We both turned and looked back in the direction we'd come. Healy glanced at me and then back into the gloom.
'What the hell was that?' he said quietly.
I didn't reply, waiting for it to come again. But it didn't. Instead, a disconcerting hush settled around us, all other noise briefly drifting away, until the only thing I could hear was Healy breathing next to me. Something was out of kilter here. I'd been to places where death clung to the walls and the streets and the people left behind. But I'd never been to a place like this. I was no believer in ghosts. But whatever had happened here, whatever lay buried, something of it remained above ground.
Turning, I grabbed the top of the wall and hauled myself up.
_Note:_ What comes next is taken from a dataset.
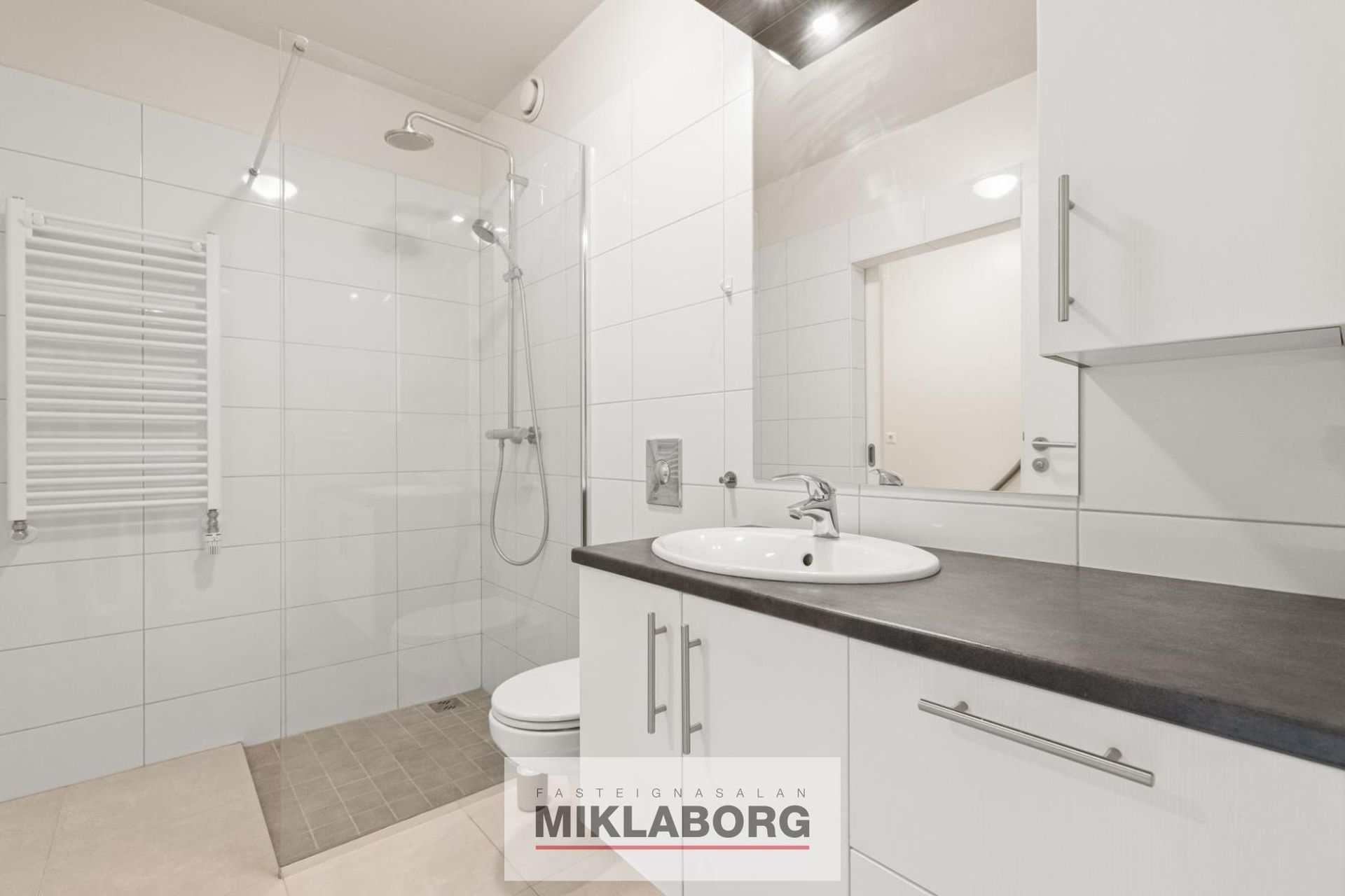Baðherbergi flísalagt, hvít innrétting, upphengt salerni, walk-in sturta. Tengi fyrir þvottavél og þurkara.

At the top, I peered over.
Directly below was the river, just as Sona had described it. Probably slightly more than six feet across, but not much. The current flowed surprisingly fast, sloshing and gurgling as it moved off to the right. On the other side of the water was the rough path she'd fallen into the water from. It looked like it might once have been a wall; maybe a property boundary. Bits of red brick remained embedded in the mud and gravel. Beyond the path, on the other side of the water, huge trees rose out of the earth, like thick forearms reaching for the clouds. Then hidden between them, surrounded by nature, was what remained of Ovlan Road. And the house Sona had described.
Four walls. No roof. A dark, empty interior.
Clambering up on to the top of the wall, I waited for Healy to do the same. He was bigger, slower, but seemed to move pretty smoothly. 'Looks like we're going to have to make a leap for it,' I said, turning to him. He didn't seem keen.
I aimed for a patch of grass slightly to the left, and just about hit it. The impact was hard, but not painful. I stood and looked back at Healy. He was sizing it up. A foot either side of the space I'd hit and he'd be landing on brick or stones and breaking an ankle. He glanced at me and then back to the patch he wanted to land on. Then he leapt across the river. As he landed, I heard a hard slapping noise: skin, bones and cartilage impacting against the ground. Mud kicked up, gravel spat away.
'You okay?' I said.
He nodded, moved gingerly. 'I'll survive.'
Now we were closer to the house it looked even bigger and more ominous than before. The opening in its front was a mouth. The windows that remained were eyes. Blackened moss ran from the bricks and was speckled around the entrances, like the house had coughed up its memories. Trees loomed, almost leaning in, as if drawn to the building. And there was a sudden lack of sound again. The river. The rustle of the leaves.
But nothing else.
In my jacket pocket was Healy's torch. I flicked it on and shone it into the darkness of the house. The cone of light swept across the interior. There were two windows upstairs, both long since smashed through, huge branches reaching in from trees lining the rear of the building. Some of the original wooden floors remained, but they'd been chipped and scuffed, broken by falling branches and pieces of masonry. Rubble was scattered everywhere: stone, concrete, wood, tiles.
Further inside it was even colder. And now there was a noise. Very distant, but clearly audible. I turned to Healy.